Long-term effects of anti-VEGF injections on renal function examined in study


The study found no association between treatment and the risk of chronic kidney disease or end-stage renal disease.

Long-term effects of anti-VEGF injections on renal function examined in study

Daniel Choi, MD, and colleagues from the University of Pennsylvania, Philadelphia, investigated the effect of anti-vascular endothelial growth factor (VEGF) therapies in patients over the long term and overall found no association between the treatments and the risk of chronic kidney disease or end-stage renal disease.

They commented that while intravitreal anti-VEGF can reduce plasma-free-VEGF, the literature contains little information on the safety of long-term intravitreal anti-VEGF injections on the body and especially the kidney.

In this study, the investigators used a commercial and Medicare Advantage medical claims database to identify patients who had been treated with an intravitreal anti-VEGF agent and the numbers of injections administered over 4 years after the initial injection. The patients who met the inclusion criteria were divided into quartiles based on the number of injections they received and the highest and lowest quartiles were compared.

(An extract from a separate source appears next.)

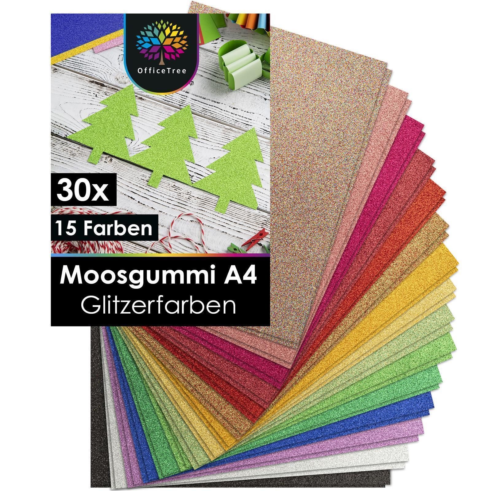 FARBENFROH – OfficeTree 30 Bögen Bastel Glitzer Moosgummi Bunt DIN A4, farbig sortiert, 15 Farben, 2 mm stark

The authors also looked at individual diseases, i.e., neovascular age-related macular degeneration (AMD), macular edema associated with retinal vein occlusion (RVO), and diabetic retinopathy (DR). They also used Cox proportional regression analysis to assess an every-5-injection increase in the hazard of developing kidney disease, they described.

Results of analysis

The results showed that 13,895 patients had received 1 to 3 anti-VEGF injections (lowest quartile) and 13,881 had received more than 21 or more injections (highest quartile).

In the lowest and highest quartiles, respectively, the patients with neovascular AMD received 6,228 injections (1 to 4 injections) and 6,172 had 24 or more injections (24 or more injections); those with macular edema due to RVO, 573 (1 to 2 injections) and 580 (12 or more injections); and those with DR, 523 (1 to 2 injections) and 517 (13 or more injections).

The authors reported that for patients in the highest quartile, the weighted analysis showed no association overall with development of kidney disease (odds ratio [OR], 1.00, 95% confidence interval [CI], 0.98-1.01, P = 0.58) or in patients with neovascular AMD (OR, 0.99, 95% CI, 0.97-1.02, P = 0.48), decreased odds in macular edema due to RVO (OR, 0.93, 95% CI, 0.86-0.99, P = 0.04), and increased odds in DR (OR, 1.12, 95% CI, 1.03-1.22, P = 0.01). Cox analysis showed no association overall or for any subgroup (hazard ratio, 0.97-1.01, P > 0.27 for all comparisons).

The authors concluded, “While logistic regression showed some association of the increased number of injections with kidney disease, the Cox analysis did not confirm these findings, suggesting time was a confounder in the logistic regression analysis.”